Day-to-day operation of the Ornith coding-agent container. Run everything from the repo root. For how the image is built and why, see docker-setup.md.


First time

sudo ./scripts/00-host-prereqs.sh     # once per host: NVIDIA Container Toolkit
./scripts/10-download-model.sh        # once: download Q4_K_M (~21 GB) -> ./models
docker compose up -d --build          # build image + start server (first build compiles llama.cpp)
docker compose logs -f                # wait for "server is listening" (~18s), then Ctrl-C

Order matters: download the model before docker compose up. Compose mounts ./models, and if it doesn't exist yet Docker creates it root-owned, which then breaks the (non-root) download with Permission denied: …/models/.cache. If that happened: sudo chown -R "$USER:$USER" models and re-run the download.

The OpenAI-compatible API is now on http://localhost:8090.


Start / stop / status

docker compose up -d         # start (in background)
docker compose stop          # stop, keep the container
docker compose start         # start it again (no rebuild, model reloads in ~18s)
docker compose restart       # restart
docker compose down          # stop AND remove the container (image + model are kept)

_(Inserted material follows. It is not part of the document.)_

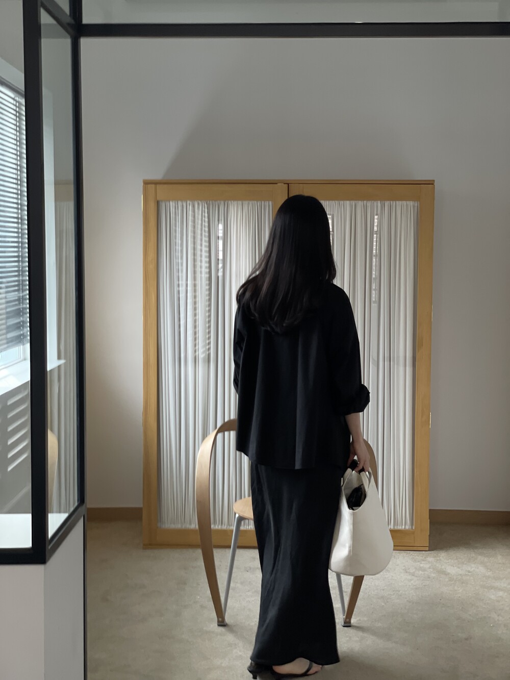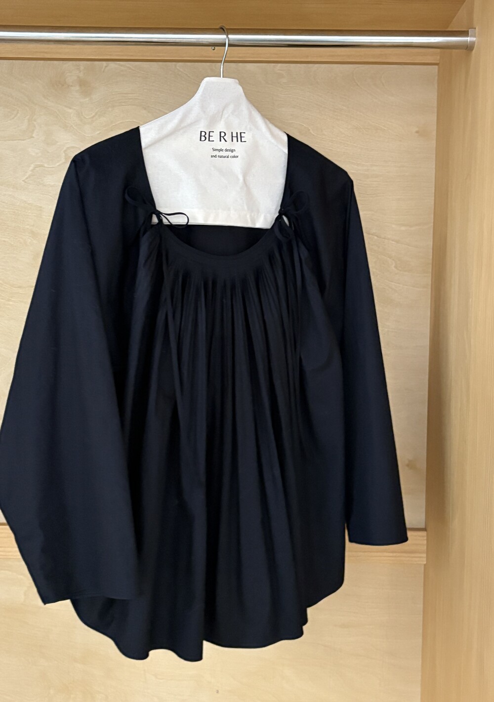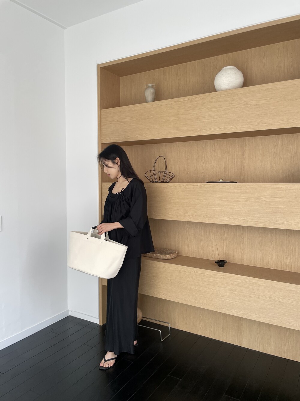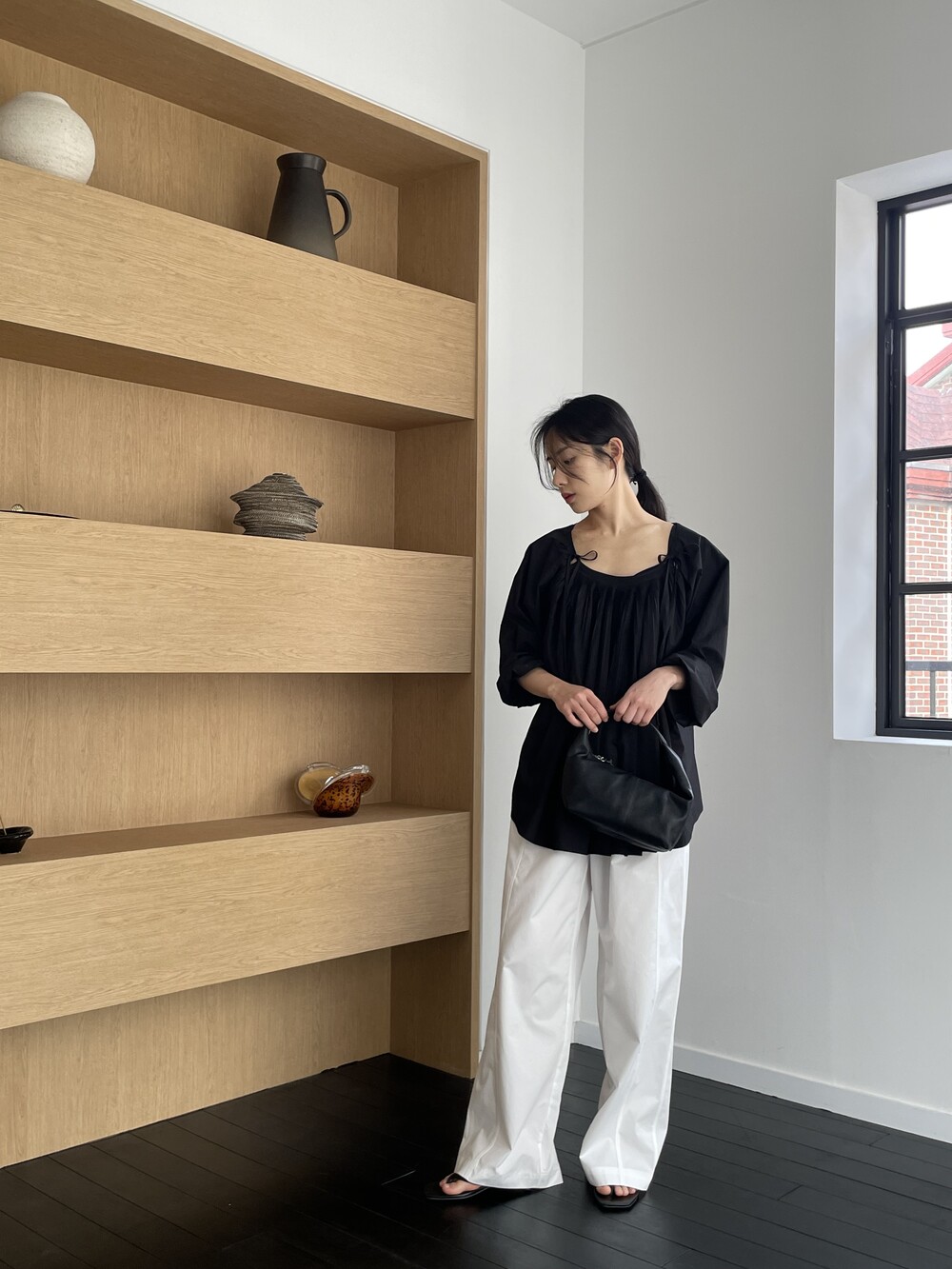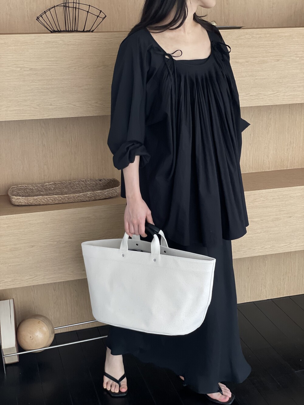 앞 부분에 셔링과 타이를 넣어 미니멀한 여성스러운 느낌을 살리면서 블랙 컬러로 시크한 분위기를 자아냅니다.

docker ps --filter name=ornith        # is it running?
curl -sf localhost:8090/health && echo OK   # is the server ready?
docker compose logs -f                 # live logs
docker stats ornith                    # live CPU/mem (GPU: use nvidia-smi)
nvidia-smi                             # GPU memory in use (~22 GB when loaded)

Only one instance can hold the model on a single 24 GB GPU. Always stop/down the running one before starting another.


Use the coding agent

# Interactive TUI — run in a real terminal (needs -it)
docker exec -it ornith pi-ornith            # 64K context
docker exec -it ornith pi-ornith --128k     # 128K context

# Headless / one-shot — works from any shell
docker exec ornith pi-ornith -p "explain the failing test"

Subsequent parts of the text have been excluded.